### [PROBLEM DETAILS]
Begin your copy at the line with "鳥取野菜の魅力、ヴィーガン料" in the records below and end it at the line with "11月7日上午,幸运飞艇 传", restating each line word for word; omit the pictures.

### [EXCERPTED RECORDS]
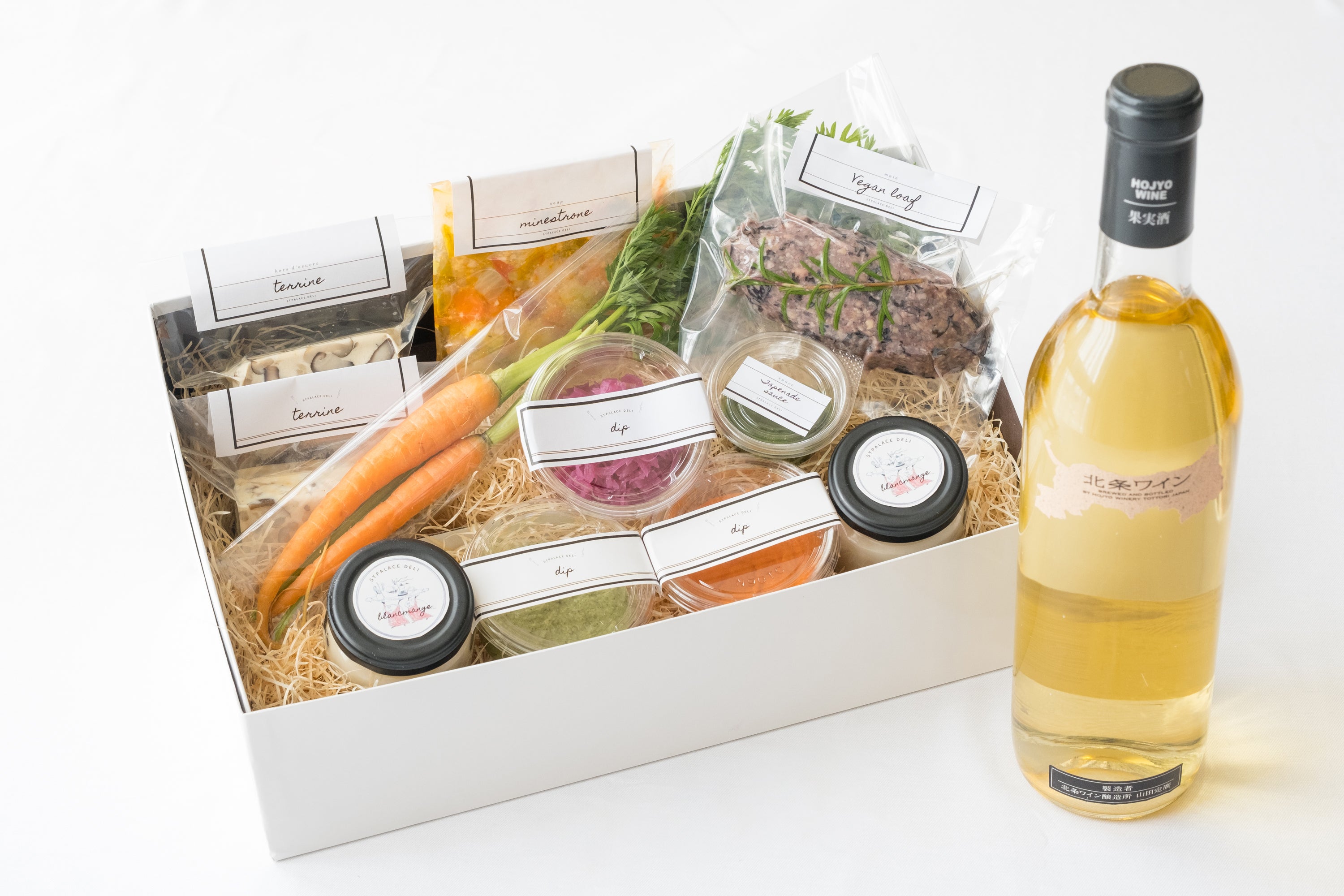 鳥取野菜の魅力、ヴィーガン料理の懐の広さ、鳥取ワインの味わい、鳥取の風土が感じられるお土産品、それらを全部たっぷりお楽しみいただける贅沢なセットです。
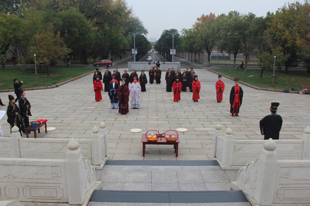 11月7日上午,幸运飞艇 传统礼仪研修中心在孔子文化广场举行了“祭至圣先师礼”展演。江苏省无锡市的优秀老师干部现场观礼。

--

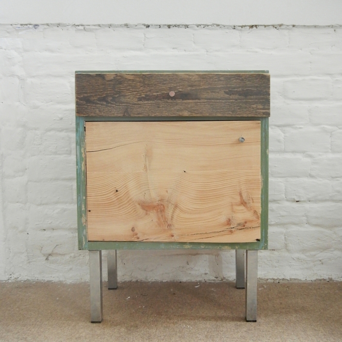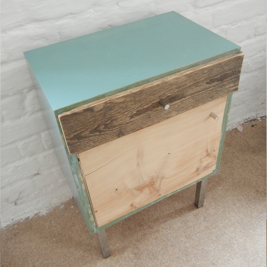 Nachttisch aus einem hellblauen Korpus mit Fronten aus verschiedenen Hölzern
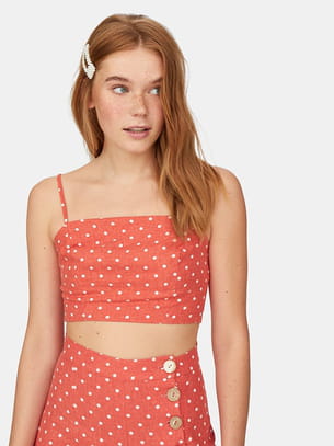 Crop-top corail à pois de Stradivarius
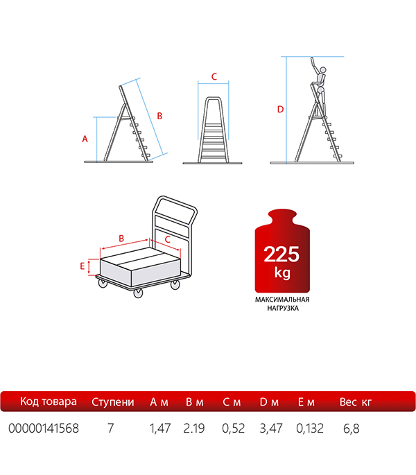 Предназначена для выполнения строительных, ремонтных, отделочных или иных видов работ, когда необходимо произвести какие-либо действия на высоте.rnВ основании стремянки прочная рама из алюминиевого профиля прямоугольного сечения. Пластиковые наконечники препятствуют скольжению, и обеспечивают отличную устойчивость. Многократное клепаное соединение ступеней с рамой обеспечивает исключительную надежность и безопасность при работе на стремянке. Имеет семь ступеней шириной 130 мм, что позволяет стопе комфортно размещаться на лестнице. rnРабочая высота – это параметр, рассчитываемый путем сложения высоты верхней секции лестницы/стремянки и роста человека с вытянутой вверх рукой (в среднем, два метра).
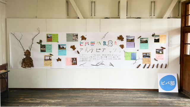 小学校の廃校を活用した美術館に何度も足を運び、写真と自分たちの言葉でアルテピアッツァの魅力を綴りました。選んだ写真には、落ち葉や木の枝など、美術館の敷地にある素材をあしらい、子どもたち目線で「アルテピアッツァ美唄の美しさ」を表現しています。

### [WRITTEN REPLY]
 鳥取野菜の魅力、ヴィーガン料理の懐の広さ、鳥取ワインの味わい、鳥取の風土が感じられるお土産品、それらを全部たっぷりお楽しみいただける贅沢なセットです。
 11月7日上午,幸运飞艇 传统礼仪研修中心在孔子文化广场举行了“祭至圣先师礼”展演。江苏省无锡市的优秀老师干部现场观礼。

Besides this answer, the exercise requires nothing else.